Recorded data:
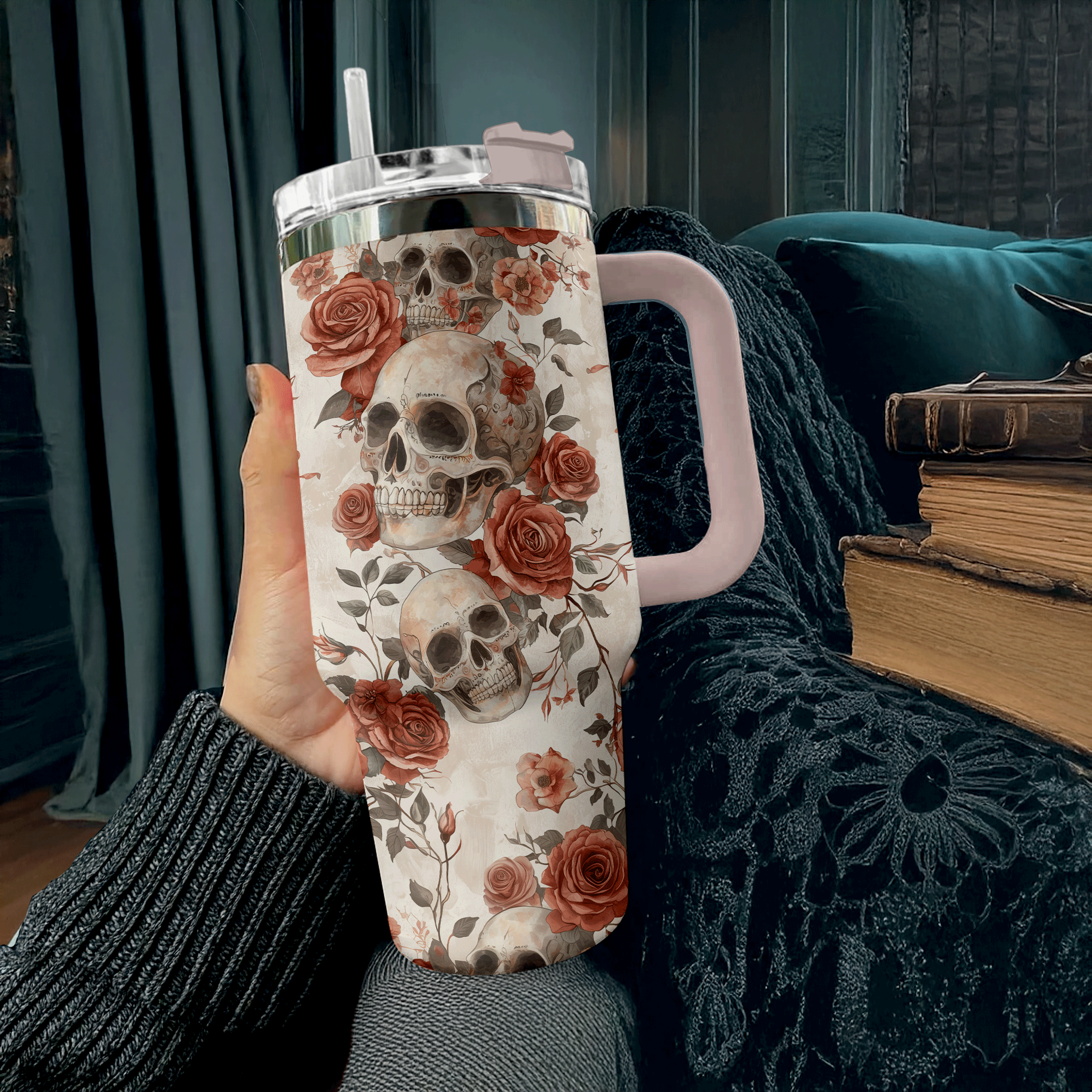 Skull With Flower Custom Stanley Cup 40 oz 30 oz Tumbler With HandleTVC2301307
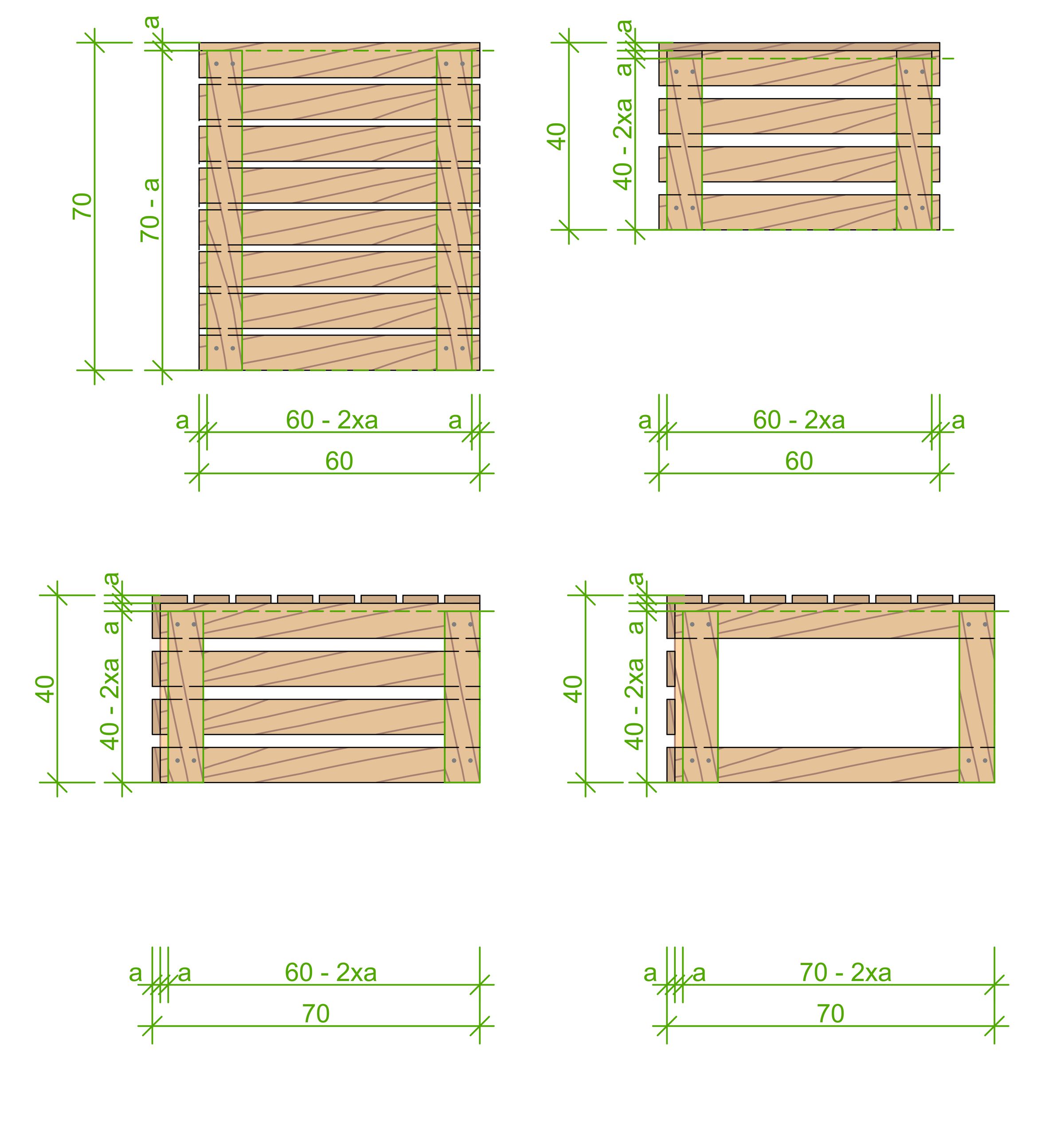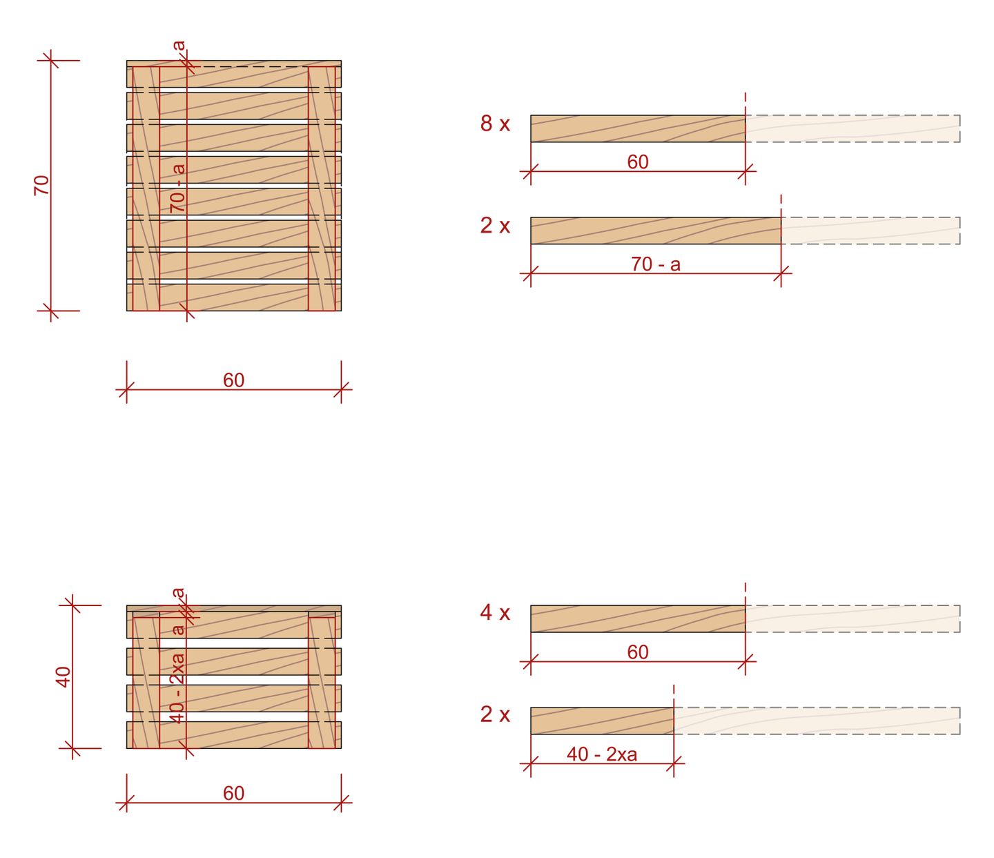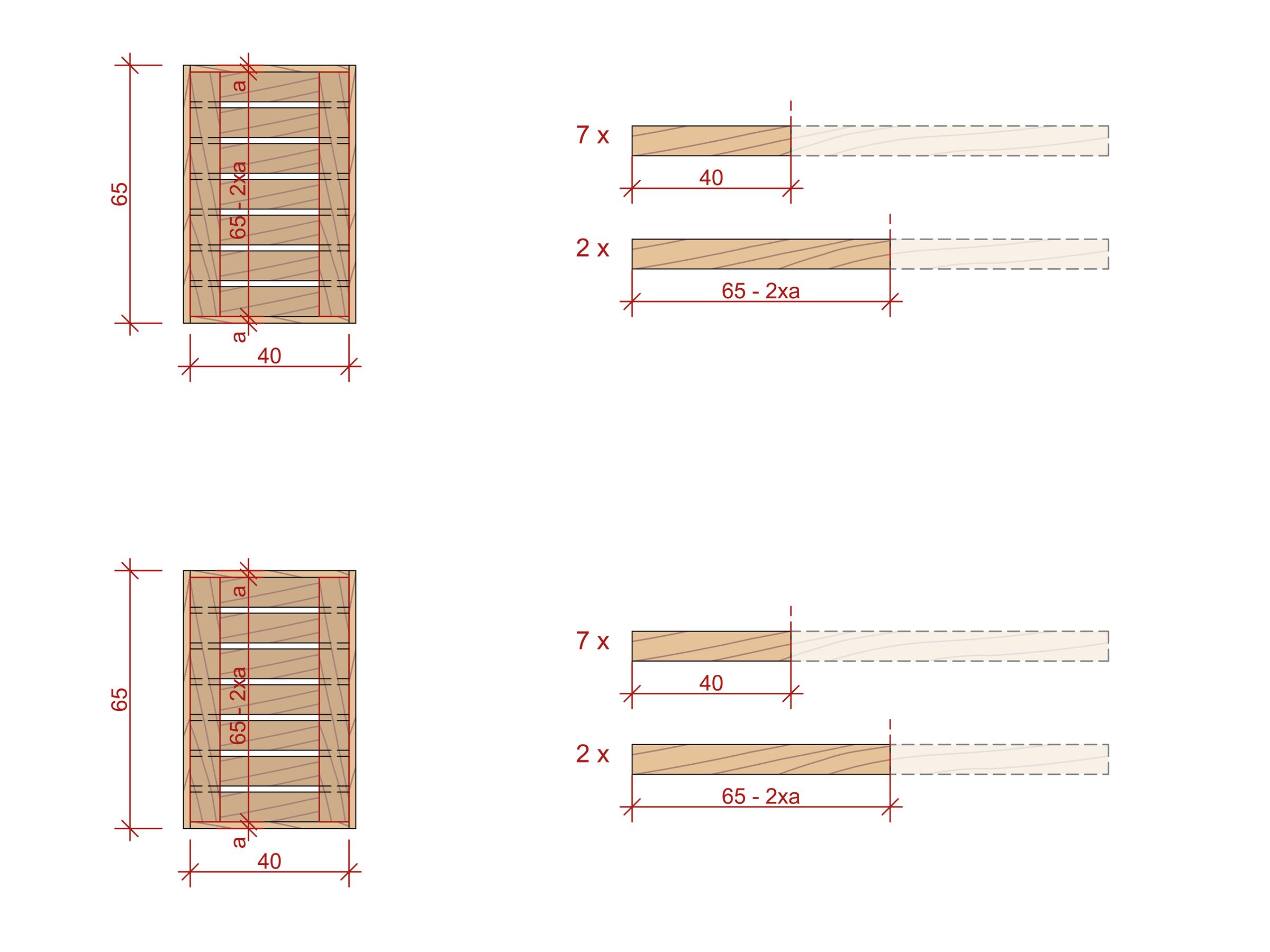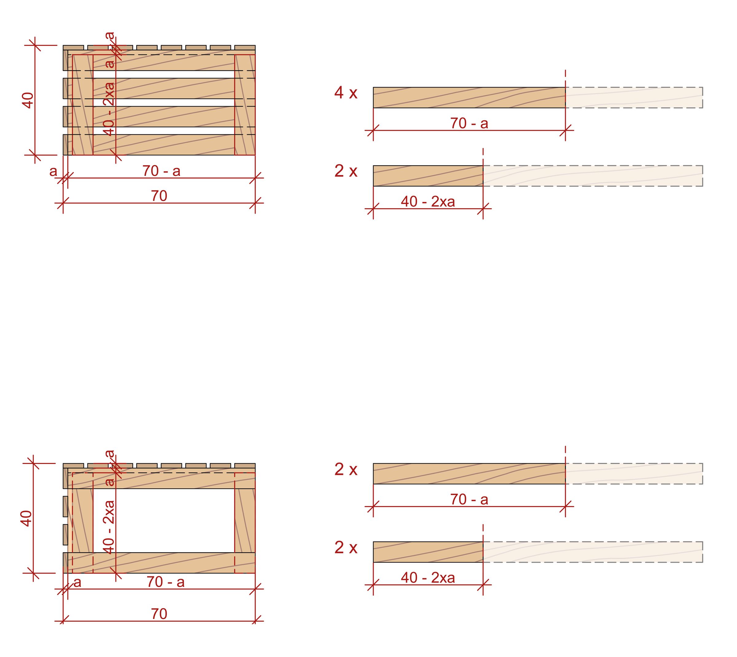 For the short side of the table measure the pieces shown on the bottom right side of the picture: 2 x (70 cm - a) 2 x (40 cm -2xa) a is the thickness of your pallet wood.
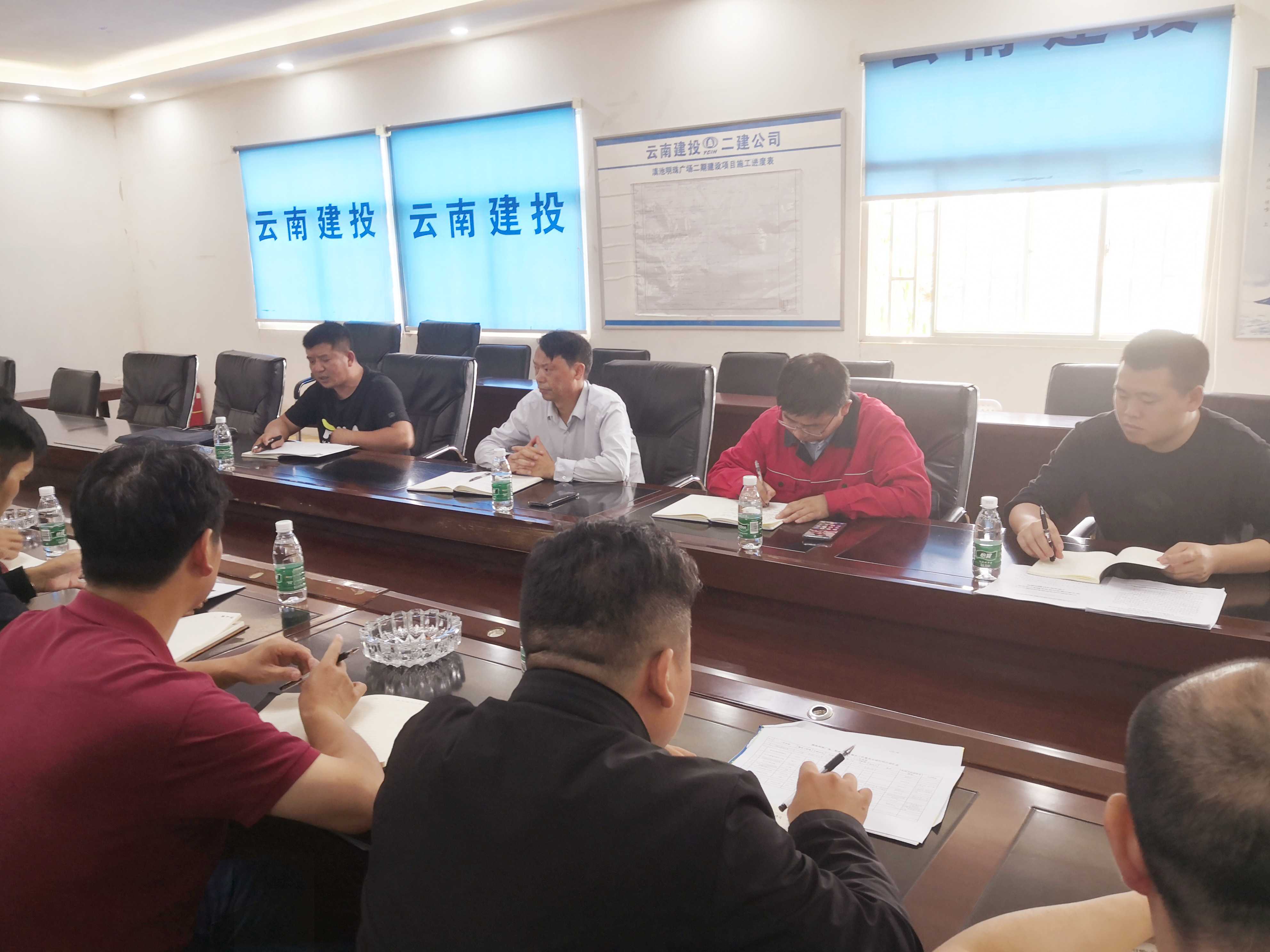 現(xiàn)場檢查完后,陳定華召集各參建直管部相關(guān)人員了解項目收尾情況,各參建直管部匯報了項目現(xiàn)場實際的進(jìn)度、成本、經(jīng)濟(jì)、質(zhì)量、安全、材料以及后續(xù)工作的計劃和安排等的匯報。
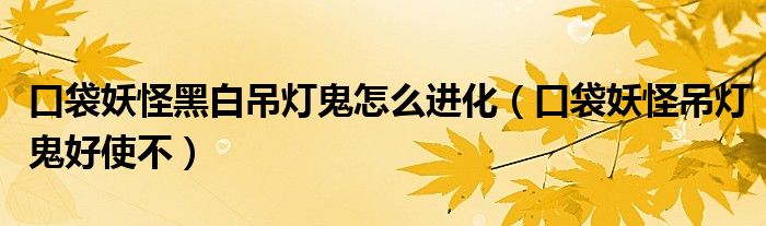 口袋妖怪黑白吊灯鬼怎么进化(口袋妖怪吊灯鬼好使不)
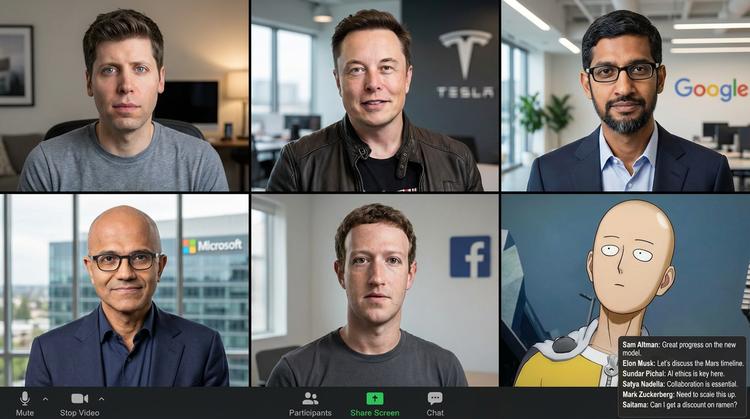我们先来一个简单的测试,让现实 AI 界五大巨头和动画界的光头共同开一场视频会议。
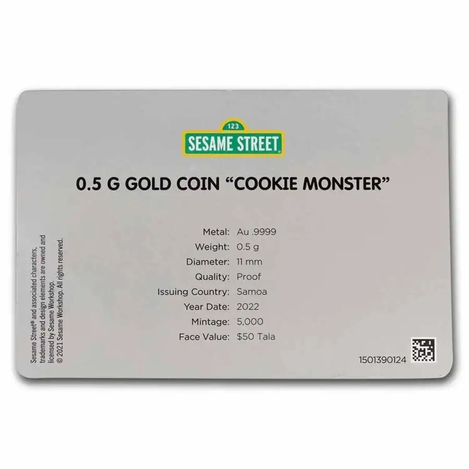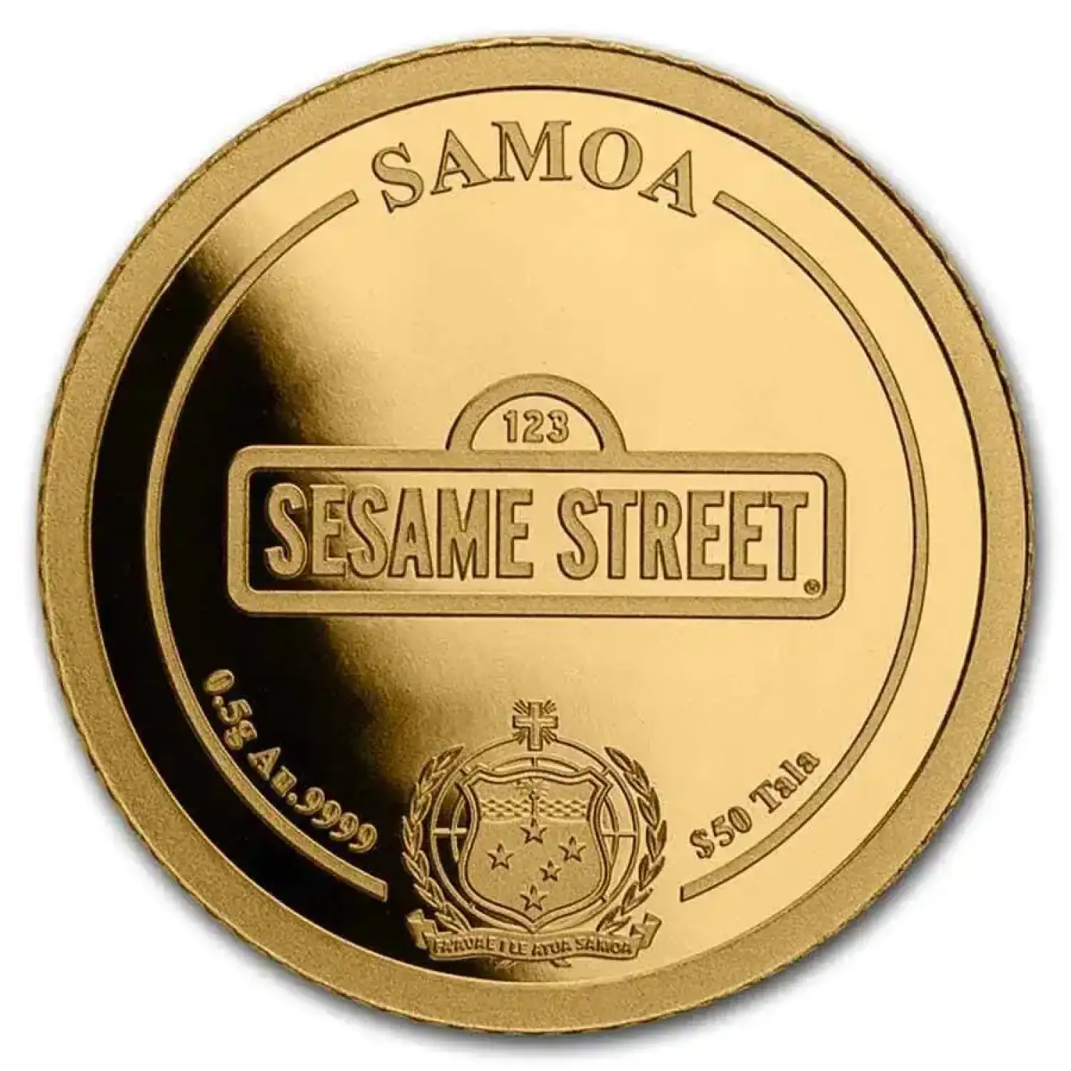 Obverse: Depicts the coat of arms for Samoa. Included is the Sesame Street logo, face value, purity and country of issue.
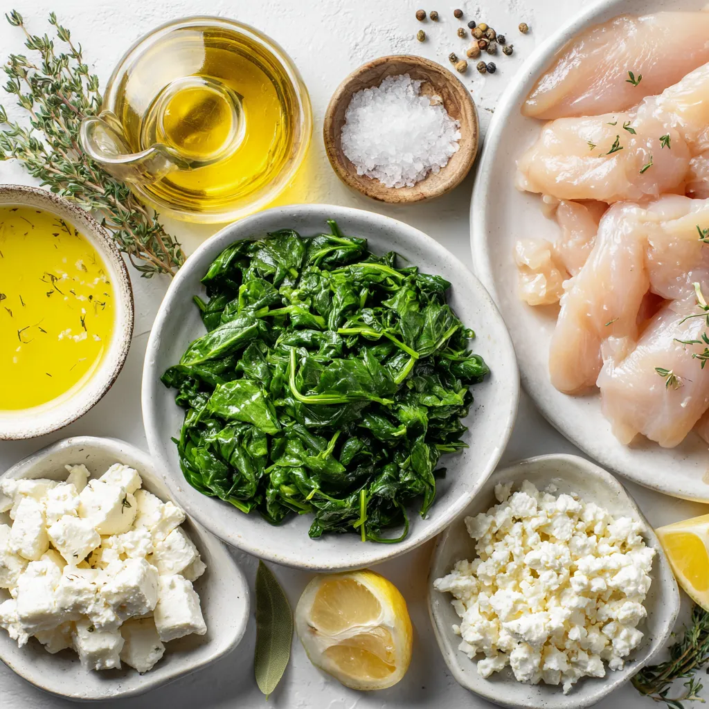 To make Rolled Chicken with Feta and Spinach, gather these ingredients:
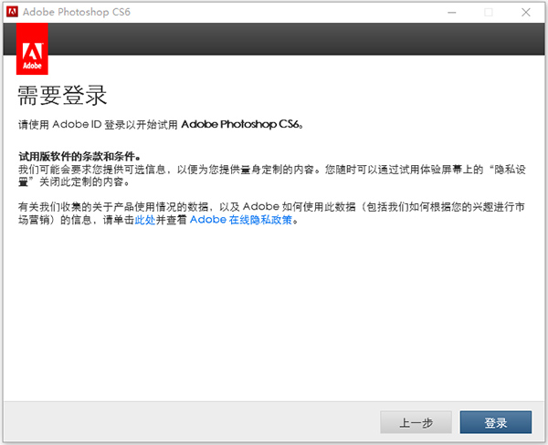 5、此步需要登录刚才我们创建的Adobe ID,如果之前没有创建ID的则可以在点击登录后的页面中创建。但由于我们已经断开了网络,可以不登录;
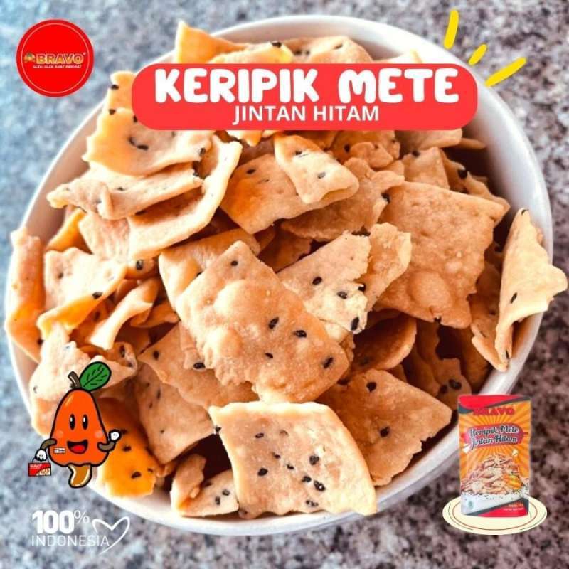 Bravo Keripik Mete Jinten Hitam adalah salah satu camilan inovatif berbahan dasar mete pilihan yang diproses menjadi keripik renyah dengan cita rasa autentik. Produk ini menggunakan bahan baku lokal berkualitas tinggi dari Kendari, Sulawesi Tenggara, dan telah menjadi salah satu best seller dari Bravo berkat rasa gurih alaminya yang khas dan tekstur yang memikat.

- Task directions -
Although pictures appear among the records above, none are to be output; print exactly the lines from the line containing "For the short" through the line containing "我们先来一个简单的测试,让现实 AI 界五大巨头和动画界的光头共同开一场视频会议。".

- Result for this task -
 For the short side of the table measure the pieces shown on the bottom right side of the picture: 2 x (70 cm - a) 2 x (40 cm -2xa) a is the thickness of your pallet wood.
 現(xiàn)場檢查完后,陳定華召集各參建直管部相關(guān)人員了解項目收尾情況,各參建直管部匯報了項目現(xiàn)場實際的進(jìn)度、成本、經(jīng)濟(jì)、質(zhì)量、安全、材料以及后續(xù)工作的計劃和安排等的匯報。
 口袋妖怪黑白吊灯鬼怎么进化(口袋妖怪吊灯鬼好使不)
我们先来一个简单的测试,让现实 AI 界五大巨头和动画界的光头共同开一场视频会议。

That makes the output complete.